Euripide vuole mettere in luce quello a cui si va in contro. La guerra porta


devastazione, odio, sofferenza; le donne vengono trattate come schiave, animali,
senza dignità; donne che prima erano regine, principesse (come Ecuba). Si presenta
un rovesciamento delle sorti: una regina può trovarsi, da un momento all’altro, come
schiava, e non bisogna mai vantarsi di essere una nobile persona, poiché, da un
giorno all’altro, tutto può finire. Tema affrontato anche da Archiloco: non innalzarti
troppo quando stai bene, non abbatterti quando stai male, mantieni un certo
equilibrio.

5
Andromaca di Euripide

Andromaca, concubina di Neottolemo, è rimasta incinta. Neottolemo è sposato con


Ermione, da cui non sono nati figli. La moglie legittima non ha figli, la schiava sì.
Ermione è gelosa e vuole uccidere Andromaca. Peleo, nonno di Neottolemo, vive con
il figlio Achille a Ftia. Egli vuole proteggere il futuro nipote e quindi allontana
Ermione che, non riuscendo a vendicarsi, aspetta il momento opportuno che arrivi.
Oreste, promesso sposo di Ermione, si amavano – Ermione fu concessa in sposa a
Neottolemo. Oreste, approfittando della totale assenza di Neottolemo, manda dei
sicari ad ucciderlo e porta con sé Ermione, salvandosi da Peleo, che attende il ritorno
di Neottolemo. Andromaca resta con Peleo. Alla fine il copro viene portato a Ftia
dove Andromaca lo piange. Andromaca però trova consolazione sposando Eleno, da
cui avrà un figlio, Molosso, da cui nasce una stirpe chiamata Molossi.

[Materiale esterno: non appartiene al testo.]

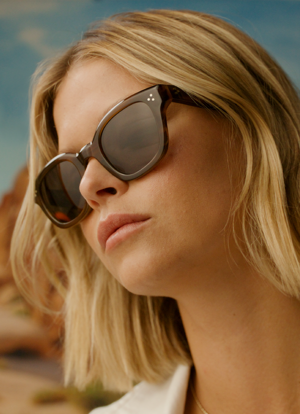 The Cyprus Sun is a modern take on a classic shape. Featuring a bubble-like beveling, vintage browline and a custom Mountain filagree core wire. 100% UV Protection.
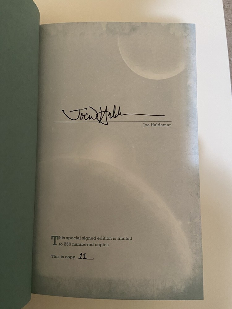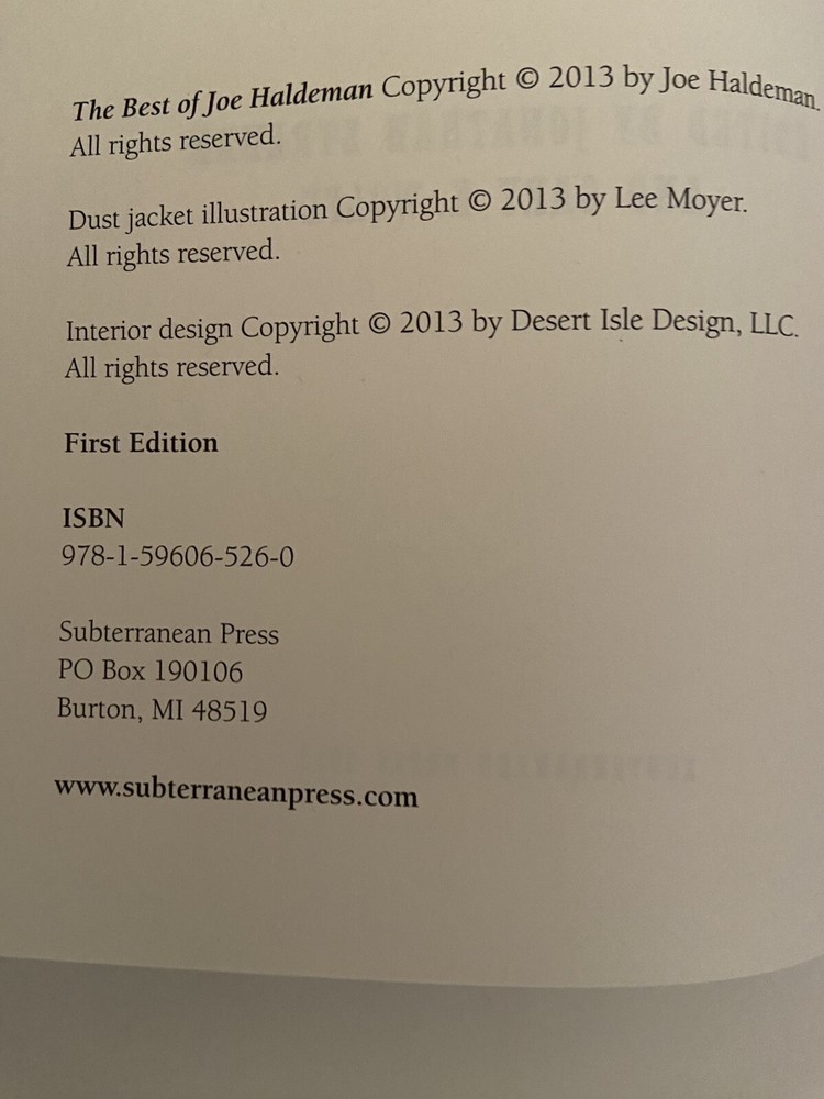 "The Best of Joe Haldeman," published by Subterranean Press in 2013, is the signed, limited first edition (copy # 11/250). It is bound in leather. It is new and unread.

 Il fattore tragico scaturisce non dal conflitto tra uomo e destino, bensì dalle
difficoltà di rapporti tra gli individui e dalla prevaricazione che i forti – qui
Ermione e il padre Menelao – si sentono in diritto di esercitare sui deboli, quali
appaiono Andromaca e il figlioletto Molosso. Le due donne, peraltro, non
potrebbero essere più diverse: madre una, sterile l’altra; umile e remissiva
Andromaca, gelosa ed egoista Ermione; piegata dalle sofferenze Andromaca,
arrogante e viziata la sua rivale: una, in sostanza, appartiene al mondo dei vinti,
l’altra a quella dei vincitori.
 Tra i temi dell’Andromaca spicca quello della salvezza, tipico del teatro
euripideo dell’ultimo periodo. Nella prima parte Andromaca viene salvata in
extremis dall’arrivo di Peleo, nonno di Neottolemo, mentre nella seconda parte
Ermione, prima carnefice e ora vittima, è soccorsa dall’intervento inatteso di
Oreste. Le due situazioni non sono tuttavia equivalenti: infatti per Andromaca la
minaccia è concreta, in quanto rischia di essere uccisa insieme al figlio da
Ermione, nuova moglie di Neottolemo, che la accusa di averla sterile con filtri
magici; per Ermione, invece, il pericolo è relativo, poiché ha solo da temere la
punizione che il marito le infliggerà per le trame da lei ordite contro la rivale.